レポートによると、世界の消費者の69%が気候変動は自らの日常生活に影響を及ぼしていると捉えており、気候変動はますます自分ごととして受け止められつつある。一方で、こうした認識が高まり、気候変動問題が広く議論される中、ブランドや組織は自らの取り組みをどう伝えるか、あるいは何も伝えない、いわゆる「グリーンハッシング」の姿勢を取るのか、慎重になっている。

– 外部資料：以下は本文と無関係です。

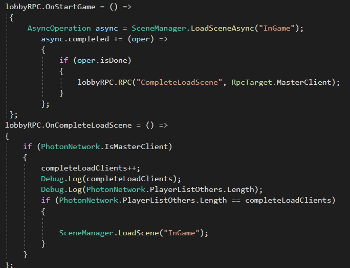 - 전달받은 RPC의 갯수와 클라이언트들의 수가 같다면 마스터도 씬을 로드한다.

レポートのビジュアル分析では、2006年から描かれることが増えたホッキョクグマなどの象徴的なイメージから、2018年〜2022年頃に使われるようになった洪水、火災、避難といった気候変動の影響がもたらす厳しい現実を捉えたビジュアルへの進化を追跡している。 さらに近年は、ブランドが口を閉ざすようになったことで、トレンドは分かりやすいものから概念的な表現へと変遷している。企業やブランドは、自然の要素を取り入れた抽象的なビジュアルを使うことで、直接的に主張することなく「環境への配慮」を示唆するようになっている。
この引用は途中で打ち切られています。